White Deer@宮城 (ひとり旅エッセイ)
東北ひとり旅2日目。
石巻で海鮮丼を食べた後、牡鹿半島の方をドライブしました。
海鮮丼のエピソードはこちら↓
そこに詳しい住所はない。
それは一応10年間の期間限定として公開されているもの。
だからもちろんカーナビには表示されない。
石巻の街を外れて、牡鹿半島へと渡る。
いくつかの緩やかな山を越えて、小さな漁港へと下る。
本当に車で入って大丈夫なのかな、と不安になりながら、牡蠣の養殖場の間を徐行で通り抜ける。
捨てられているのか、時期が来たらまた使われるものなのか、数えきれないほどのブイがそこら中に積まれている。
少しでも運転にミスが生じれば海に落ちてしまうような狭い道。
ゆっくりと抜けると、そこにはただの空き地が広がる。
そこが公式の駐車場とされている。
ここからは徒歩。
左手は海、右手には森が広がっている。
右手からクマ的な何かが襲って来たらもう終わりだという道を、無防備な姿で数分間歩く。

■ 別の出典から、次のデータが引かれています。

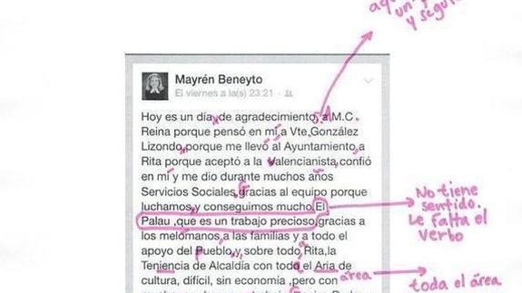 Valencia,16/04/2015(El Pueblo en Línea)-La carta de despedida de la concejala de Cultura en el Ayuntamiento de Valencia y presidenta del Palau de la Música, Mayrén Beneyto, que publicó en su perfil de la red social Facebook para anunciar que dejaba la política, presenta unas 30 faltas de ortografía y de puntuación, informa 'El Periódico'.

目線の先に見えた姿は、想像よりも大きく、想像よりも眩しかった。
2017年より定期的に「Reborn-Art Festival」というアートと音楽と食の総合芸術祭が、ここ石巻市を中心に、被災地支援や地域おこしを目的として開催されている。このイベントは「ap bank」が主催しており、音楽プロデューサーの小林武史さんが実行委員長を務めている。
開催期間でなくても、市内各地に点在しているパブリックアートは通年で楽しむことができる。
今僕の目の前に荘厳に佇む「White Deer (Oshika)」はそのパブリックアートのひとつであり、この「Reborn-Art Festival」を象徴するオブジェだ。
2021年3月11日。
震災から十年が経ったその日に放送された音楽特番では、まさにこの場所で、小林武史さんとMr.Childrenの桜井和寿さんが「花の匂い」というMr.Childrenの名曲を歌い、捧げた。
その音と映像から、僕は凄まじい祈りの力を感じた。
昔から大好きだった「花の匂い」という歌が、もうひと段階特別になった瞬間だった。
僕はどうしてもここに来たかった。
どうしても、それも20代のうちに、ここで祈りたかった。
真っ白なシカと僕はずっと向かい合いながら、ゆっくりと時間が過ぎていく。
そこに人間は僕以外に誰もいない。
車の音も聞こえない。
ただただ静かな波の音が、やわらかい風に乗って聞こえてくるだけ。
スマートフォンから「花の匂い」を流し、枯れ枝に腰をかける。
足元はさらさらとした砂浜ではなく、これは全て貝殻のようだった。綺麗な形のままの帆立の貝殻、サザエの貝殻、牡蠣の貝殻。
目を瞑ったり、無理に何かを思ったりしなくても、この場所で静かに息をしているだけで、それはもう祈りだった。ここにはいない誰かへの祈りでもあるし、確かにここで息をしている自分への祈り。
久しぶりに「生きている」と心から実感することができた瞬間だった。
東京生活は、寂しい。
人がたくさんいるから寂しい。
電車の中でも、街でも、特に会社でも、ずっとSNSの中にいるみたいでキツすぎる。
真っ白なシカの足に触れる。
アートとのボーダーはなく、もちろん触れていい。
この小さな海辺にひとりでいる今、ここ最近でいちばん孤独を感じていなかった。
僕はちゃんと生きている。
ただこうやって「生」を実感したからといって、別に「よし、またあのSNS社会で頑張ろう」と立ち上がらないのが、僕だ。
何度目かの「花の匂い」が流れる。敢えて目を瞑ってみる。この波の音はずっと聴いていられるし、風は気持ちいいし、真っ白なシカとの言葉のない会話はやめられない。
僕は、これからはちゃんと「生きている」と実感し続けられる時間を過ごしていこうと誓って、シカに別れを告げた。
きっとまた再会に訪れるだろう。
シカと別れた僕は、牡鹿半島の東端へとさらに車を走らせ、御番所公園で絶景を見た。ウグイスが大合唱をしていてとても気持ちよかった。
海を見ながら、そして山の緑も感じながらの牡鹿半島ドライブは本当に心の栄養になる。
そんなことを呑気に考えていたら、目の前に一羽のキジが現れて、僕は思い切り急ブレーキをかけた。
「あ、どうも。いきなりすみませんね」
キジはそう言うかのように首をコクリとさせ、のんびり山の中へ歩いていく。
「いいんだよ、ゆっくりで」
キジの無事を見届けて、僕は石巻市街へと戻っていった。